Enrique Badulescu is counted among the top fashion photographers of today. After graduating from the German School in Mexico City, he studied photography in Munich at the former Bavarian State School for Photography. His international career began in the 1980s in the music business in London when he was working for the British magazine, The Face, and was commissioned to take pictures of the Rolling Stones. Shortly after that he was approached for various album covers and for his first commercial campaigns. He currently lives in New York City.
Badulescu is not only a creative photographer, but an artist through and through. For the photo series he produced for the the S Magazine, he pulled out all his creative stops. Titled “Anziehend Anders” (Appealingly Different), a selection of his work for the magazine is being shown at the Leica Gallery in Wetzlar from April 16 to June 15, 2015.
Q: How did you get into fashion? How does one become a fashion photographer?
A: I studied photography at the Bavarian State School for Photography in Munich, as it was called at the time, where I went through all kinds of artistic forms, above all working in black-and-white. Already as a youngster I liked looking through fashion magazines, which meant going to the French Consulate in Mexico City to do so.
Q: Which photographers impressed and inspired you in particular at the time?
A: Guy Bourdin was a great inspiration. His work, as well as that of David Bailey, showed me that photography could develop in the direction of art.
Q: You’ve been working as a photographer since the 1980s. How did you get to work for the big labels? What was the first campaign you worked on?
A: When I got to London I took lots of pictures for album covers. Four months later I did the PR shots for the Rolling Stones. I had to pitch against Nick Knight and I won! Then I got my first commissions from The Gap. They booked me for my colours and contrasts. Things got going and then I got my first assignment for Hermès. The rest is history.
Q: You like to enrich your photography with artistic elements. Expressive colors and the interplay of contrasts are features of your work. What artistic styles inspired you?
A: Pop art, and I always thought Andy Warhol was great. His Polaroids and experimental films influenced me a lot. He freed up art, pushed the limits, did away with categories. Before that, you were either a painter or a photographer. He mixed it all together and made new types of art possible.
Q: For the S Magazine project you added some artistic aspects to your motifs in post-production. Tell us about the techniques you use.
A: Yeah, I love to work with my hands! And at last I was at my leisure to do so. I worked with Chinese ink for one series. It produces effects that you can’t control, which I love. I also like to work with scissor cuttings that we add during post-production. I have a weakness for collages. At home in New York I often sit on the floor with my seven-year-old daughter Fernanda, tinkering away at handicrafts.
Q: You often have very beautiful shading in your pictures, which gives them a poetic touch like in a film from the 1970s.

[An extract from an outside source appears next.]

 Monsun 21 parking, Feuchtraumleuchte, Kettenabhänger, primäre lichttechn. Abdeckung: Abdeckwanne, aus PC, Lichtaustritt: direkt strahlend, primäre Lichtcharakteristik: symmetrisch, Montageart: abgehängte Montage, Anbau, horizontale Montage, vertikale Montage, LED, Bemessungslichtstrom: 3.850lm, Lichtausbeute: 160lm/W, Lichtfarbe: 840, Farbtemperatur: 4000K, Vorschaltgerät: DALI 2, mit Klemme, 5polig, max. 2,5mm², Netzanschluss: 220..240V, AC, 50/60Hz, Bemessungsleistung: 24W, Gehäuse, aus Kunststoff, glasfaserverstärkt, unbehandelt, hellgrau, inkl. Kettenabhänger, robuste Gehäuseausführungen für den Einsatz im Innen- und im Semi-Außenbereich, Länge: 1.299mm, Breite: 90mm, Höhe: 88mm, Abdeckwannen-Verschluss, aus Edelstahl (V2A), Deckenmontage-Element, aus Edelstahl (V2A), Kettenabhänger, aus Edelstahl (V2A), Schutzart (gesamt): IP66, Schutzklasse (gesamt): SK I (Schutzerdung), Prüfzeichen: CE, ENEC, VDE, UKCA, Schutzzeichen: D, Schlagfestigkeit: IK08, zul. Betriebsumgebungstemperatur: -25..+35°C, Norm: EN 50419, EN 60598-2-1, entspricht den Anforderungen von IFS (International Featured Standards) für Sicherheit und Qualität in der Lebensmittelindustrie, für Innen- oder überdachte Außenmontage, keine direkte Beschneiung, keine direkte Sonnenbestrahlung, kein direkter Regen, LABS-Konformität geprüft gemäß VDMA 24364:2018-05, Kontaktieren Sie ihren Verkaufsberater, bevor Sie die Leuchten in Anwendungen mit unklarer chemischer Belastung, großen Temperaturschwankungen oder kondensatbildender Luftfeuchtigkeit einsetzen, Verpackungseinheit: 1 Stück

A: I always try to bring an element of warmth into a picture, even if it was taken with a digital camera. A lot then becomes a product of chance. You can’t foresee everything – for example, how good the effect of the shadow of palm leaves and reflections on the water will look afterwards.
Q: Contrasts are another feature in your pictures. What else would you say are typical elements of your work?
A: Contrasts – I love contrasts! Not just of light and shadows, bright and dark, but above all of colors. With me it always has a lot to do with colors, and I like to follow a conceptual approach. I do a lot with water, and there’s always a lot of movement in the pictures, but also softness.
Q: Please talk about water being a typical element you use. What are the challenges in photographing under water?
A: I used a special underwater casing for that. By training for many years, I can stay under water for close to a minute, while keeping my eyes open at the same time. That’s always difficult for the models.
Q: How did the change to digital technology influence your photography?
A: Back then you had to understand a lot more about the use of light than today. You couldn’t play so many tricks in post-production – there was no Photoshop. A bad picture remained bad. Digital photography gives you the chance to develop your talents further. That’s what it should be about, not about making the picture acceptable afterwards. Most of the young generation growing up today only know digital, and they’re not bad at it. But I’m always glad I got to know both.
Q: What are your hopes and visions for fashion photography?
A: It should be more spontaneous, freer and more joyful – just like the work for the S Magazine. It was a great venture and a wonderful opportunity to be totally free in the creative design, and to be able to show the whole range of possibilities. I was lucky that the S Magazine project at last gave me the chance to work freely again, and to fully express myself artistically. I wish that would be the future of fashion photography.